Comparing the proportions of diabetes subgroups in included vs excluded participants did not indicate any selection bias. However, a certain degree of selection bias was evident when comparing the baseline characteristics. For example, the participants included in the present analysis had a slightly better cardiometabolic risk profile than those who were excluded, which might have attenuated the differences between diabetes subgroups.
The strengths of our study are the inclusion of men with type 1 diabetes and type 2 diabetes and the information on the clustering variables, which allowed us to investigate the prevalence of erectile dysfunction in the novel diabetes subgroups. Furthermore, the study included adults within their first year of diabetes diagnosis so that findings were not confounded by long-term hyperglycaemia and the increasing prevalence of other diabetes-related complications.
Our study also has some limitations that warrant consideration when interpreting the results. Limitations include its sample size (specifically limiting the statistical power of pairwise comparisons between diabetes subgroups and of comparisons with non-diabetic men) and its restriction to men from Germany. Therefore, our findings need validation in studies with larger sample sizes and more diverse populations. In addition, although we used a validated questionnaire to assess erectile dysfunction, our assessment is limited because the IIEF questionnaire only evaluates erectile dysfunction acquired during the last 4 weeks, whereas ‘persistent’ erectile dysfunction can only be confirmed if lasting more than 3–6 months , and if complemented by a physical examination. Circulating levels of sex hormones and information on primary or secondary hypogonadism were not available for the study sample, meaning that their analysis in the context of the novel diabetes subgroups was not possible.

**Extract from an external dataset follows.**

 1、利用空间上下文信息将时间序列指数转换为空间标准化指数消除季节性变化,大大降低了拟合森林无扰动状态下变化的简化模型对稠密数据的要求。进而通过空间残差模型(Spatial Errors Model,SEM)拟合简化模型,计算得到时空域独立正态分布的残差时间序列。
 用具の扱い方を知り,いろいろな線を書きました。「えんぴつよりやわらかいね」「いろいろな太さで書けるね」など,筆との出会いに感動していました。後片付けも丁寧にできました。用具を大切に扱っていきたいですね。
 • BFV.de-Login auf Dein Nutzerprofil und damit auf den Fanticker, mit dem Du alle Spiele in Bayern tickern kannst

Another limitation is the potential response bias; as this study involved an outcome related to male sexuality, questions concerning sexual performance may feel too personal for some men and increase the likelihood of not answering.

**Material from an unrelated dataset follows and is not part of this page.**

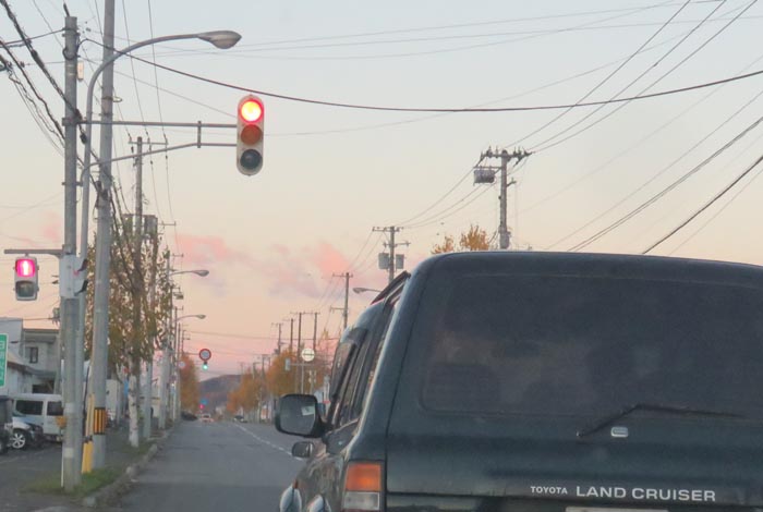 午前6時10分、南岸通り、野付牛自動車学校前から無加川町方向

Our study shows that novel diabetes subgroups have different prevalences of erectile dysfunction. Men with SIRD, which is characterised by pronounced insulin resistance and an increased inflammatory state, and men with SIDD, which is characterised by insulin deficiency, have the highest RRs for erectile dysfunction. This finding suggests that metabolic risk factors for erectile dysfunction may differ between diabetes subgroups. The high prevalence of erectile dysfunction in SIRD and SIDD corroborates their high risk for diabetes-related complications and calls for comprehensive screening and early treatment in these subgroups. Detailed longitudinal analyses in the GDS and future studies on therapeutic responses in the context of precision diabetes medicine will clarify whether these findings will translate into clinical benefits.